The government estimates that cigarettes purchased in an airport duty-free on the way to the EU after Brexit could be as low as €3.

The Minister for Finance has announced that duty-free shopping would return for people travelling from Ireland to the UK in the event of a no-deal Brexit.

Minister Paschal Donohue confirmed the move in response to a UK government-issued statement announcing the reintroduction of duty-free shopping for passengers travelling to EU countries if the UK leaves the EU without a deal on 31 October. 

Such a change would mark the return of the so-called 'booze cruise' where those looking to obtain a deal would make day trips to the UK to stockpile cheap alcohol and cigarettes. 

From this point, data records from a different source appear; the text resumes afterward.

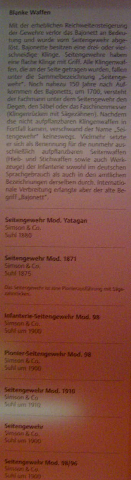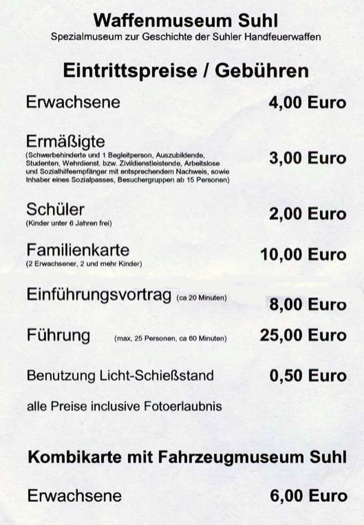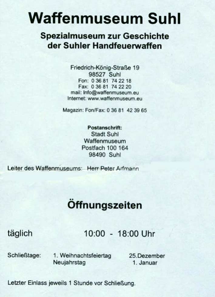 Der Name trügt. So ist auch der Hinweis auf dem Handzettel - Prospekte waren aus - auch dringen notwendig: "Spezialmuseum zur Geschichte der Suhler Handfeuerwaffen". Suhler Blankwaffenhersteller zählen eben nicht zum Schwerpunkt des neu errichteten Museums.
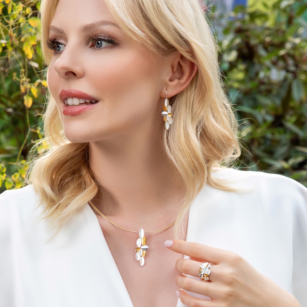 "Glittertind Collection" - een nieuwe, opvallende designlijn van de Noorse ontwerpster Kaja Gjedebo. Talrijke individuele decoratieve elementen van tweekleurig 925/- sterlingzilver en een zandmat oppervlak, die op bladeren lijken, vormen samen dit vrouwelijke designsieraad. Ideaal als set met bijpassende ring en oorbellen.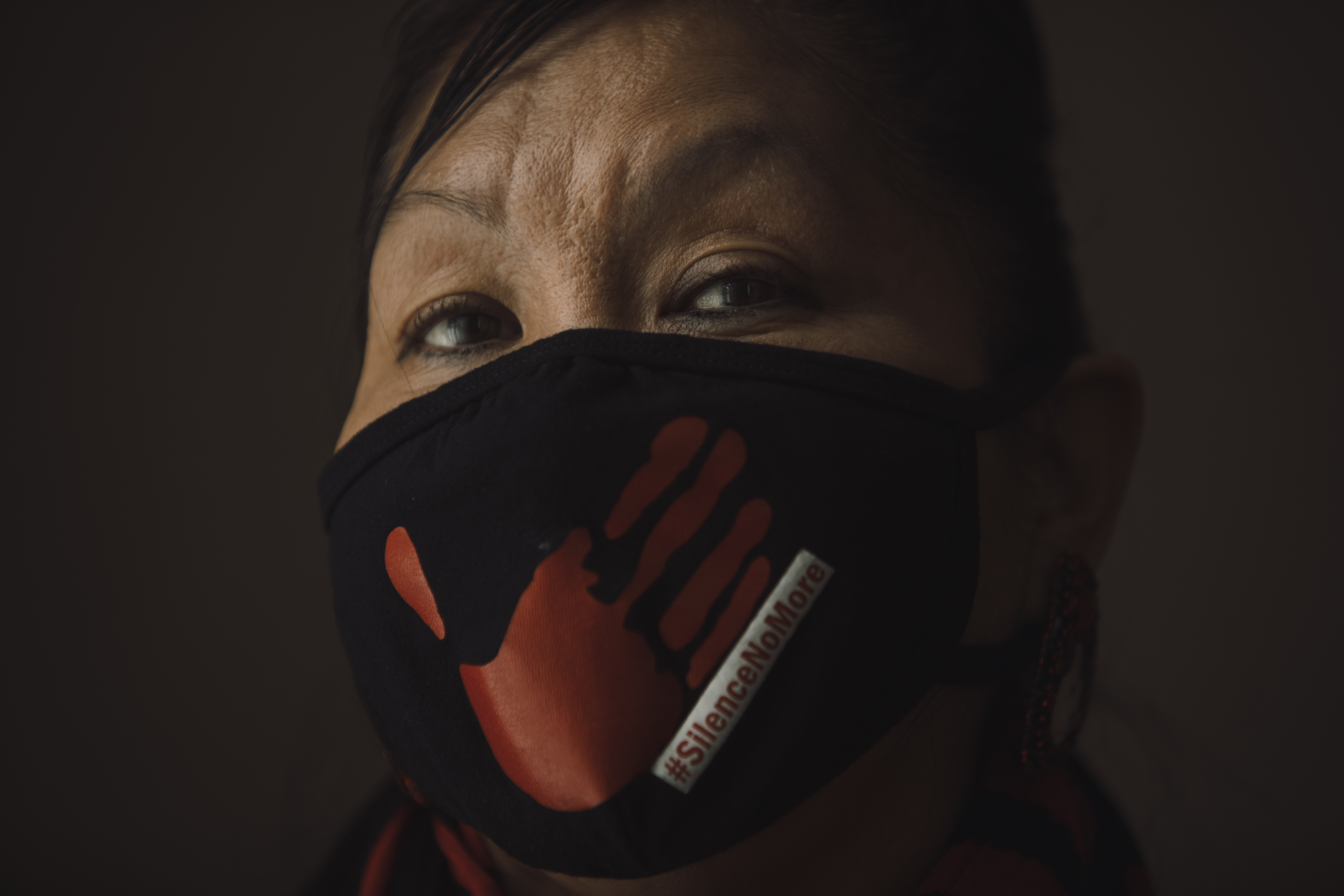 Brenda is dressed from head to toe in red, a colour that represents MMIWG, and wears a black mask with a red handprint. She has brought several framed photos of her sister to the local hotel where we are meeting. They show a fair-skinned young girl with dark, almond-shaped eyes, high cheekbones and long black hair.

“As the UK has decided to apply an unrestricted Duty-Free scheme in the event that the country leaves the EU with no deal, in line with the reciprocal policy, Ireland would not in this eventuality commence the relevant legislative measure and European Union rules in relation to passenger travel from ports and airports between the EU and third countries would, therefore, apply from 31 October," Minister Donoghue said. 

“In effect, this would mean that excise and VAT free sales on purchases of tobacco and alcohol made at duty-free shops, subject to quantitative purchase limits, would, therefore, operate between Ireland and the UK.” 

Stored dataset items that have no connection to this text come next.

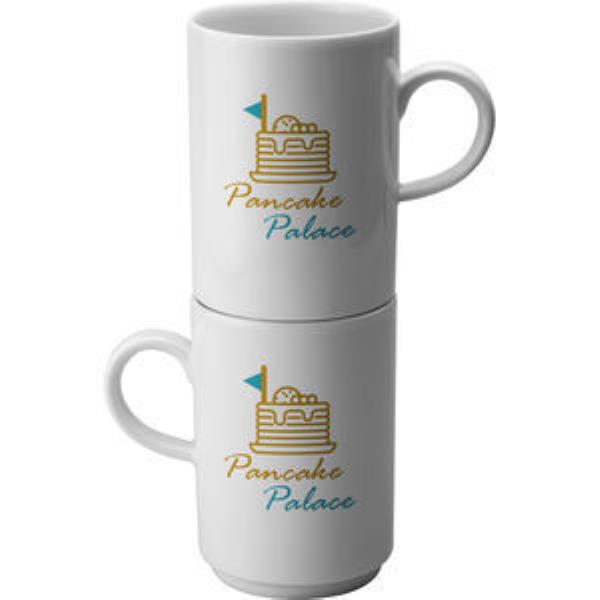 The Stackable mug is a unique porcelain mug that can be stacked. Its straight sides allow for a large transfer print area. A durable, quality product from Villeroy & Boch.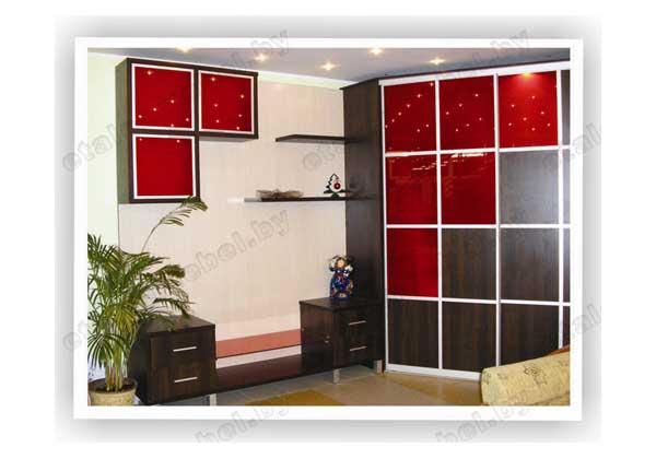 Угловой шкаф-купе комплектуется дополнительными угловыми модулями и отлично подойдет для гостиной комнаты. Фасады представляют собой контрастное сочетание красного лакобеля и ДСП цвета венге. Эффектный внешний вид модели сделает интерьер ярким и красочным.
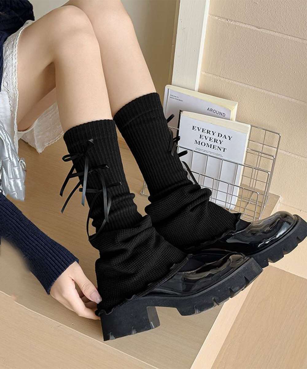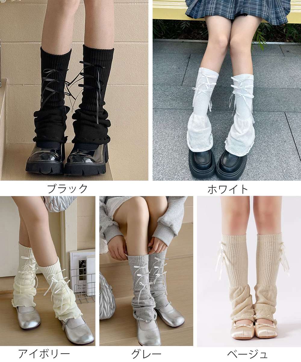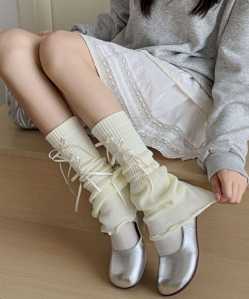 リボン付きの裾フレアデザインが可愛らしいレッグウォーマー。

The announcement follows a declaration by UK Chancellor of the Exchequer Sajid Javid who said: "As we prepare to leave the EU, I’m pleased to be able to back British travellers. We want people to enjoy their hard-earned holidays and this decision will help holidaymakers’ cash go that little bit further."

It was also outlined in today's announcement that duty-free prices will not apply to people travelling from Northern Ireland to the Republic – as duty-free shopping only applies to airports and ports. 

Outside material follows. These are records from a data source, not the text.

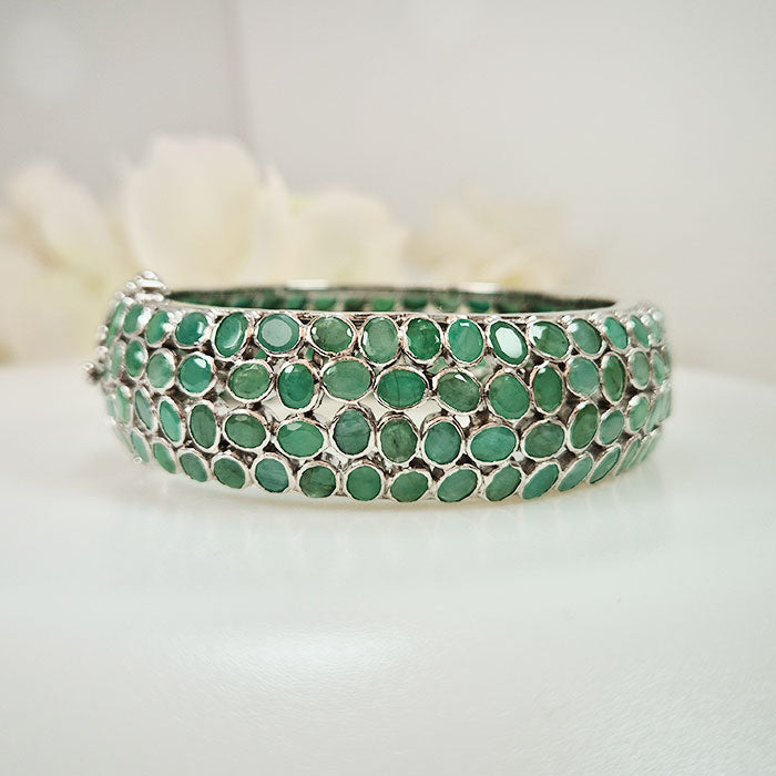 Step into the world of luxury and elegance with our Emerald Kada, where every facet tells a story of craftsmanship and opulence. This masterpiece is crafted in high-quality silver and adorned with a breathtaking array of emeralds.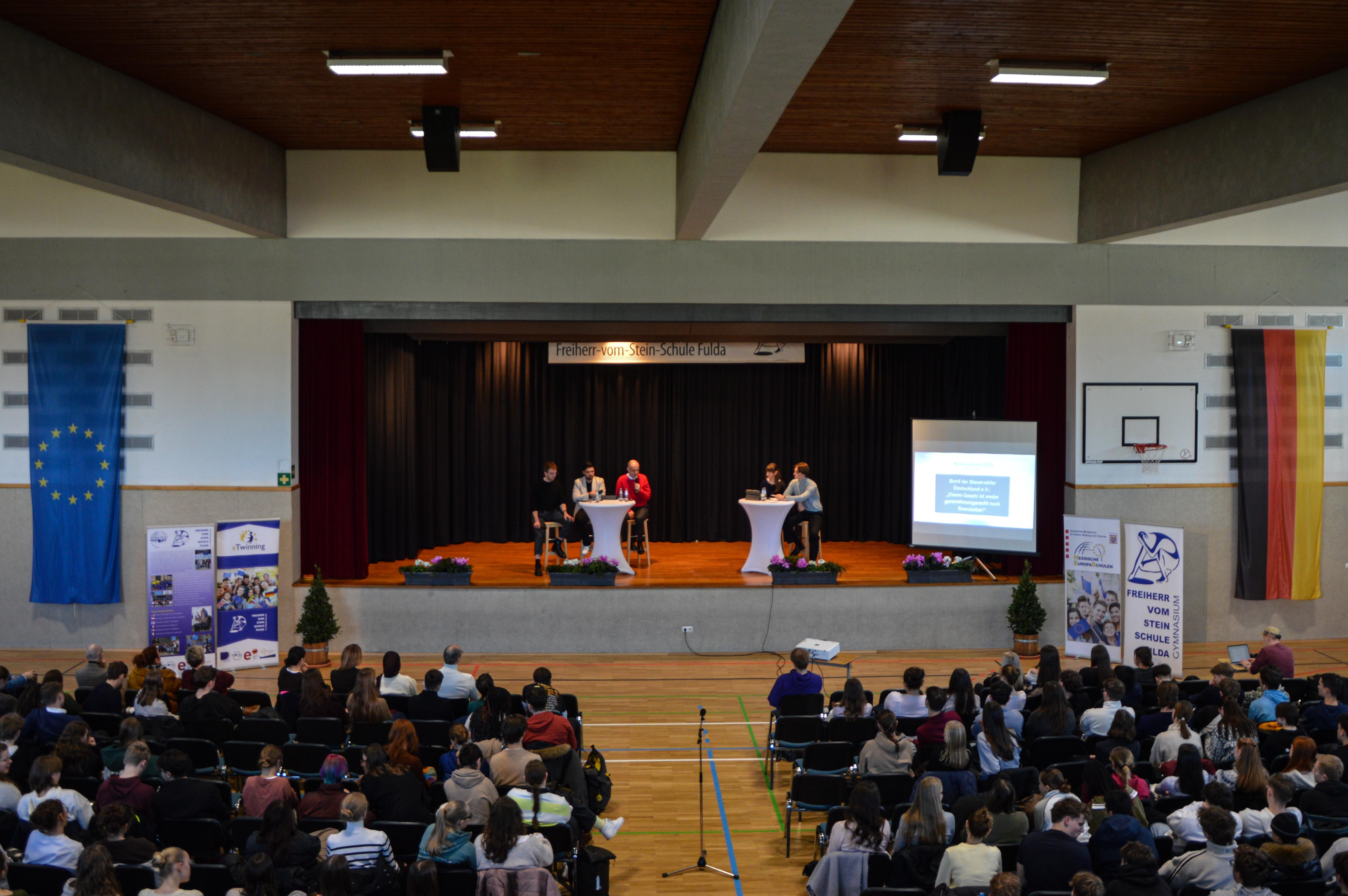 Am 22. Januar 2026 versammelten sich die Schülerinnen und Schüler der Sekundarstufe II der Freiherr-vom-Stein-Schule in der Aula ihres Gymnasiums, um sich gemeinsam eine Podiumsdiskussion anzusehen sowie im Anschluss selbst Teil dieser zu werden.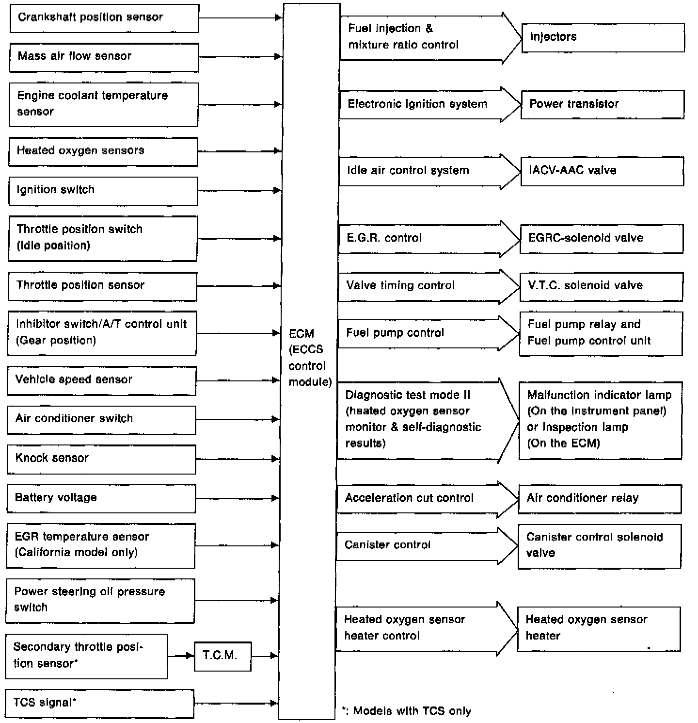 The Electronic Concentrated Engine Control System (ECCS) consists of sensors which detect the engine condition, the ECCS Control Module (ECM) which controls the engine on the basis of the sensor signals, and actuators which operate under control of the ECM. The ECM controls the Fuel Injection, Idle Control, Ignition Timing, Engine Cooling Fan, Exhaust Gas Recirculation, Evaporative Canister, Variable Valve Timing, and Fuel Pump Systems. In addition, the ECM is provided with 2 diagnostic test modes (DTM) to facilitate troubleshooting in case of failure.

It said this policy is in compliance with EU law and Ireland's international obligations.

Duty-free shopping was abolished within the EU in 1999.

In these circumstances, the UK will assume the status of a "third country" in terms of their trading relationship with the European Union. 

This means that, while the UK will not formally be part of the European Union, a number of systems and democratic ideals will be used by both parties to ensure fair and simple trading. 

Norway, Iceland, Lichtenstein and Switzerland fall under this category, too. 

As it stands, the UK is set to leave the EU without a deal on 31 October. However, MPs in the UK have sought to rule out this outcome through legislation.